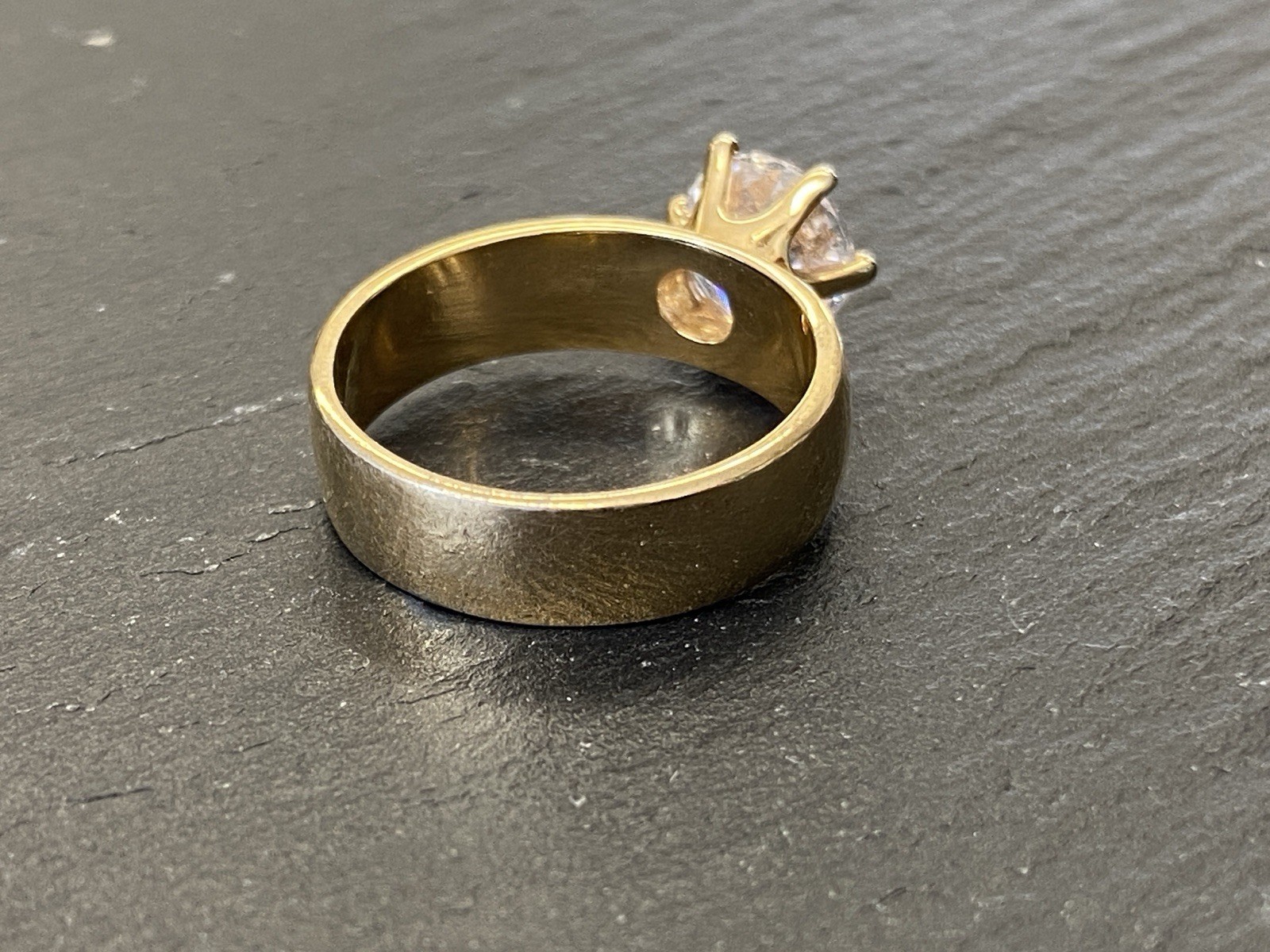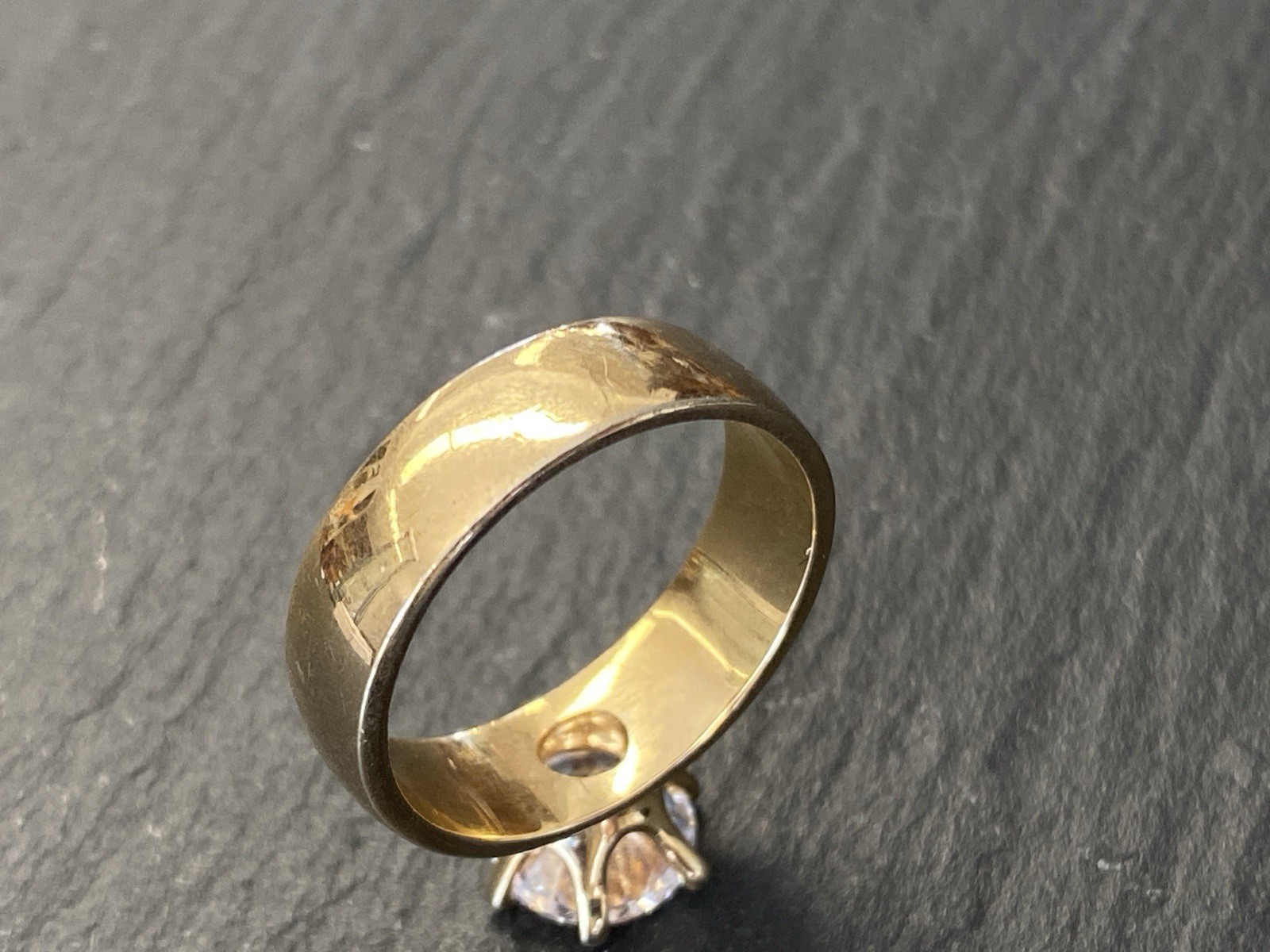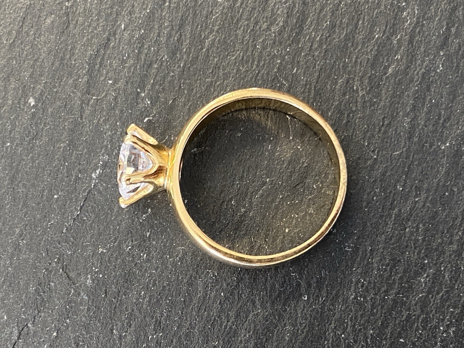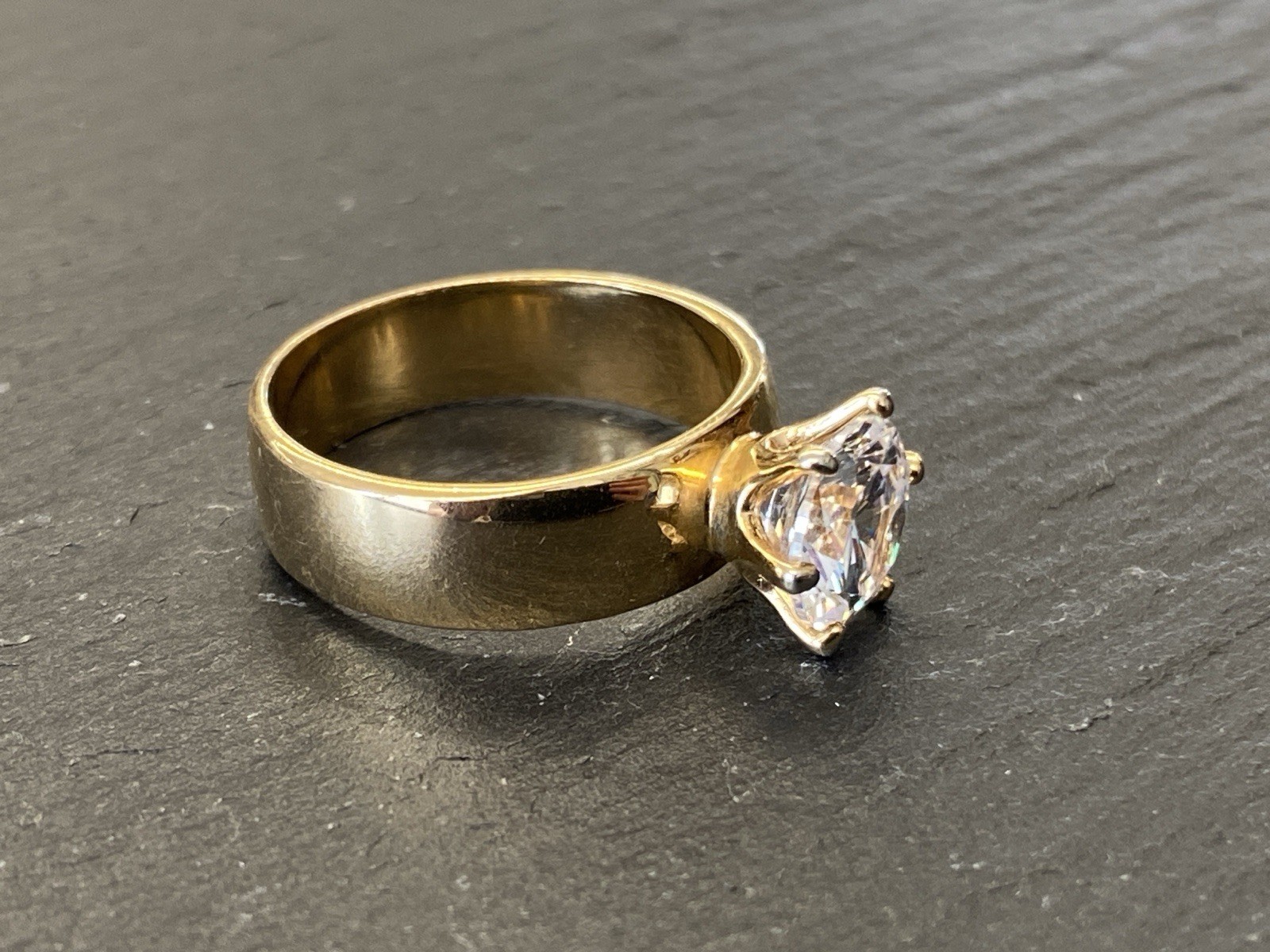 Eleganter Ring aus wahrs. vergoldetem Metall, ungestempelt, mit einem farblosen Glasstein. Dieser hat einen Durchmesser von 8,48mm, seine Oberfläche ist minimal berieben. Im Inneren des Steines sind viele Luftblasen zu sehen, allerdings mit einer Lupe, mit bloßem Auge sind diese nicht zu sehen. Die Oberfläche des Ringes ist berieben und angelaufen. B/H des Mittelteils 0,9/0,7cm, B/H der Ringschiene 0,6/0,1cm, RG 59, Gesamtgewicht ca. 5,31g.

...

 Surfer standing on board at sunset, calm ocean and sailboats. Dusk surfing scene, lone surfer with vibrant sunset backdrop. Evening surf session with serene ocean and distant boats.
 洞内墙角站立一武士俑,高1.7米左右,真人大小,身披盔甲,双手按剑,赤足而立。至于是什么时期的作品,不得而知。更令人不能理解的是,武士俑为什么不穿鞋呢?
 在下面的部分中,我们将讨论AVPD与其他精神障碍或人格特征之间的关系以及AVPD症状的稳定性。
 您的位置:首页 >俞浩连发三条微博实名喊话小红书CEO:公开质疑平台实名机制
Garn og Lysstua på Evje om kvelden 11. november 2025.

...

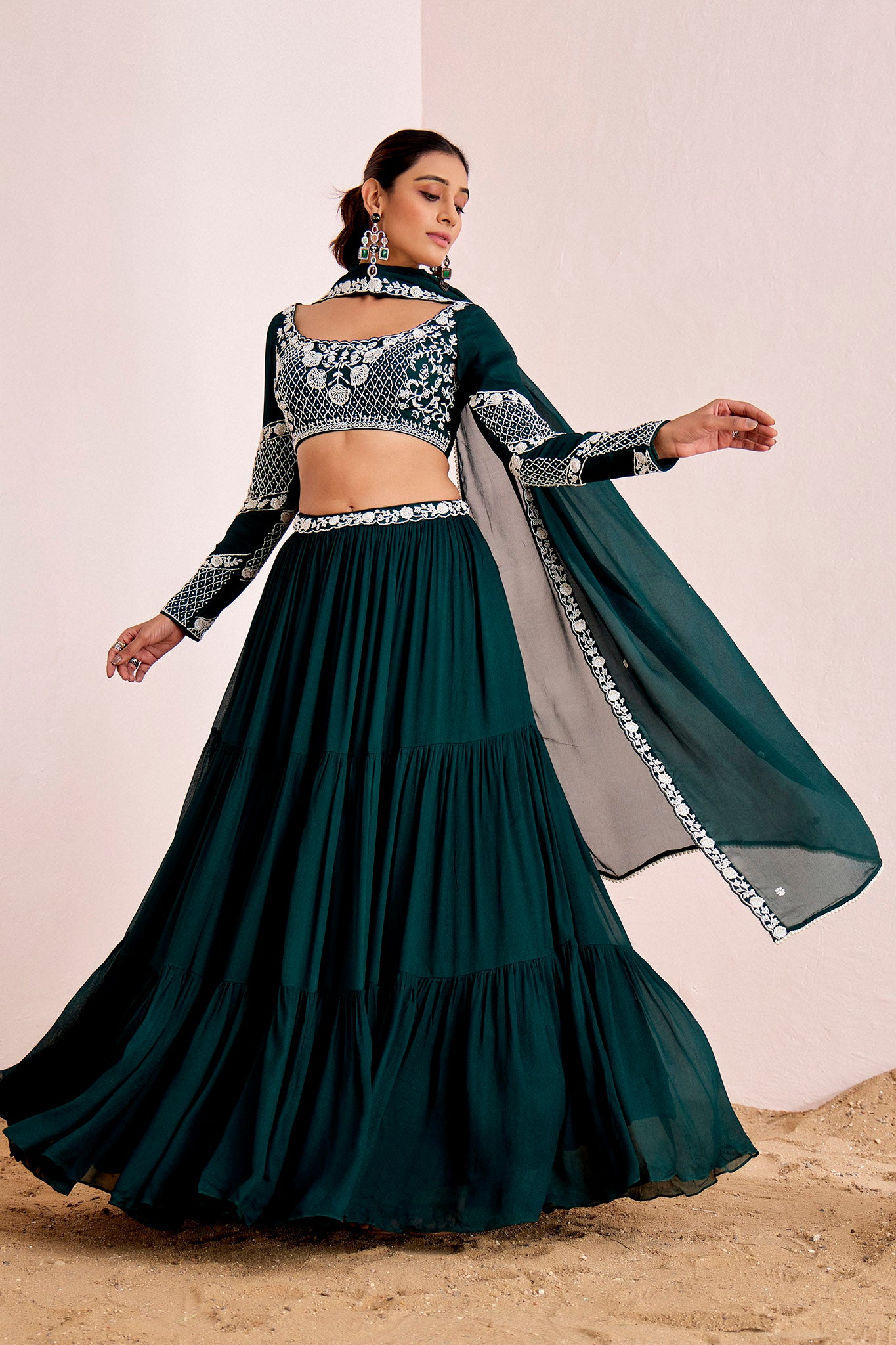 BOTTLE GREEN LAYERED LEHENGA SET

Exercise details
Using only the listing above, restate exactly the lines from the line containing "在下面的部分中,我们将讨论A" through the line containing "Garn og Lysstua", both included.

Result
 在下面的部分中,我们将讨论AVPD与其他精神障碍或人格特征之间的关系以及AVPD症状的稳定性。
 您的位置:首页 >俞浩连发三条微博实名喊话小红书CEO:公开质疑平台实名机制
Garn og Lysstua på Evje om kvelden 11. november 2025.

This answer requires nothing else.